1. The Large Language Model (LLM): A Fancy Word Guessing Game

The LLM (Large Language Model) is the core engine behind almost every AI application you see today. Most major models – GPT, Claude, Gemini – share the same underlying architecture: Transformer.

Google’s team introduced Transformer in 2017 (paper: Attention Is All You Need). But OpenAI made it famous:

  • Late 2022: GPT-3.5 arrived – the first truly usable large model.
  • March 2023: GPT-4 pushed the ceiling much higher.

Today GPT models are still the benchmark, but Claude, Gemini, and others compete strongly in specific areas.

So how does an LLM actually work?

The answer is almost embarrassingly simple: it’s a text completion game.

Ask: “How good is Mark’s video?”
The model does this:

  1. Predicts the next most likely word: “very”
  2. Appends “very” to the input, then predicts again: “good”
  3. Continues: “.”
  4. Final answer: “Very good.”

That’s why models generate answers one piece at a time. They don’t plan the whole sentence in advance. They just keep guessing the next token based on everything they’ve written so far.

Once you understand this, many odd behaviors (repetition, drifting off topic) make sense – they’re just probability glitches in the guessing game.


2. Tokens and the Tokenizer: The Translator

An LLM is a mathematical function. It only understands numbers, not words. So how does human language get in?

Enter the Tokenizer – a two-way translator:

  • Encoding: splits text into tiny pieces (tokens) and maps each token to a numeric ID.
  • Decoding: turns numeric IDs back into readable text.

Token ≠ Word

This trips up a lot of people. Tokens are not the same as words.

Examples:

  • Chinese: “程序员” (programmer) might split into “程序” + “员” (two tokens).
  • English: “helpful” → “help” + “ful” (two tokens).
  • Some special characters need 3 tokens.

So when you see “100k token limit”, don’t think “100k words”.

Rough conversion (real-world estimates)

Unit Approx. tokens
1 English word 1.3 tokens
1 Chinese character 0.5–0.7 tokens
400k tokens ~600k–800k Chinese characters (a thick book)

Token counts matter because most pricing and context limits are based on them.


3. Context and the Context Window: The Model’s Temporary Memory

Context = everything the model sees when processing a task.

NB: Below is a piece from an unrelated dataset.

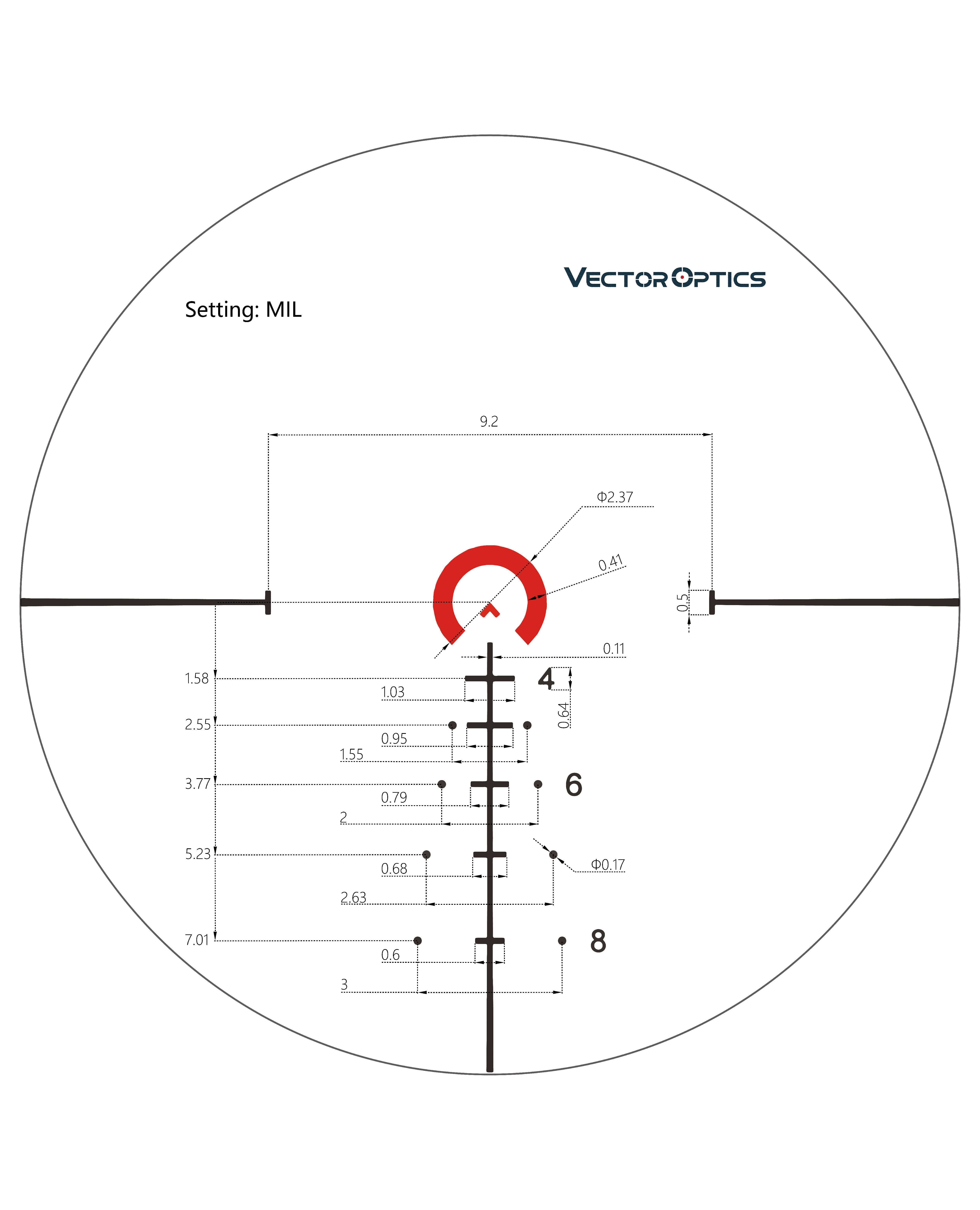 Сетка BDC с баллистическими метками выгравирована  на стекле, она позволяет вести огонь от самых близких дистанций до максимальных для данного калибра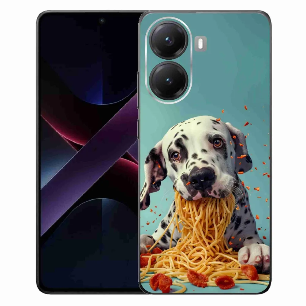 Psí pouzdro na Xiaomi Poco X7 Pro 5G - dalmatin a špagety poskytuje všechny výhody gelových obalů, a to v zajímavém designu.

It includes:

  • Your current question
  • Previous conversation turns
  • The tokens it’s currently generating
  • Available tools
  • System prompt (invisible to you)

Context window = the maximum number of tokens that can fit into that memory.

Current model capacities

Model Context Window
GPT-4.5 1.05 million tokens
Claude 3.1 Pro 1 million tokens
Cloudopus 4.6 1 million tokens

1 million tokens ≈ 1.5 million Chinese characters. That’s enough to hold the entire Harry Potter series (in Chinese translation).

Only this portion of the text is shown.